Рита придвинулась ближе, тронула за локоть и скользнула пальцами ниже, к запястью. Нащупала кожаный напульсник.
– А это тебе зачем? Покажи!
– Так, ерунда, – убрал руку Матвей.
– А зачем тебе ерунда? – дурачилась Рита, подбираясь к застежке.
– Не тронь, я сказал!
Девчонка, прижав руки к груди, отшатнулась.
– Да ладно, – старательно улыбаясь, произнес Матвей. – Просто у нас мода такая, а дед все время цепляется. Достало уже.
– Знаешь, – удивленно сказала Рита, – я тебя даже испугалась.
Матвей промолчал.
– Думаешь, я трусишка? – сощурилась девчонка. Решительно обхватила его за шею и притянула к себе. Губы у нее оказались горячие и липкие, с привкусом жевательной резинки.

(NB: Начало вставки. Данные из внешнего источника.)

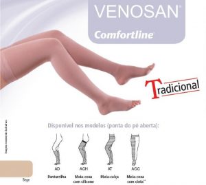 Curta Ponta do Pé Aberto. Linha tradicional de meias compressivas medicinais. A combinação perfeita entre conforto e naturalidade, proporcionando agradável sensação ao vestir. Meias tradicionais de elasto-compressão produzidas com tecnologia sofisticada, a partir de elastano de última geração com duplo recobrimento. A Comfortline oferece excelente custo-benefício, garantindo conforto e durabilidade também em climas tropicais. INDICAÇÕES: 20 – 30 mmHg – Média compressão. – Sensação de peso e fadiga nas pernas; – Varizes durante a gravidez; – Varizes com tendência para edema; – Após escleroterapia de pequenas veias.COMPOSIÇÃO: 80-86% POLIAMIDA / NYLON – 14-20% ELASTANO / SPANDEX

Поцелуй Матвея разочаровал: девчонка слишком суетливо пыталась пропихнуть язык ему в рот. Рита отстранилась, шумно выдохнула. Ей-то, кажется, понравилось: глаза помутнели, и на щеках проступили красные пятна.
– Вот досюда можно, – рубанула себя по животу ладонью. Она сказала это так, точно дарила Матвею полцарства и принцессу в придачу. – Ниже полезешь – уйду, ясно?
– В смысле?
Девчонка сердито дернула плечом и повторила жест:
– Сверху трогай, а в шорты не смей.
– Понятно.
Матвей коснулся пуговки на ее рубашке. Рита скосила глаза, следя за пальцами. Дышала она часто и неровно. Матвей повел ладонью вверх. Да, он угадал: под тонкой тканью на девчонке нет белья. Добрался до шеи, аккуратно поправил воротничок – и опустил руку.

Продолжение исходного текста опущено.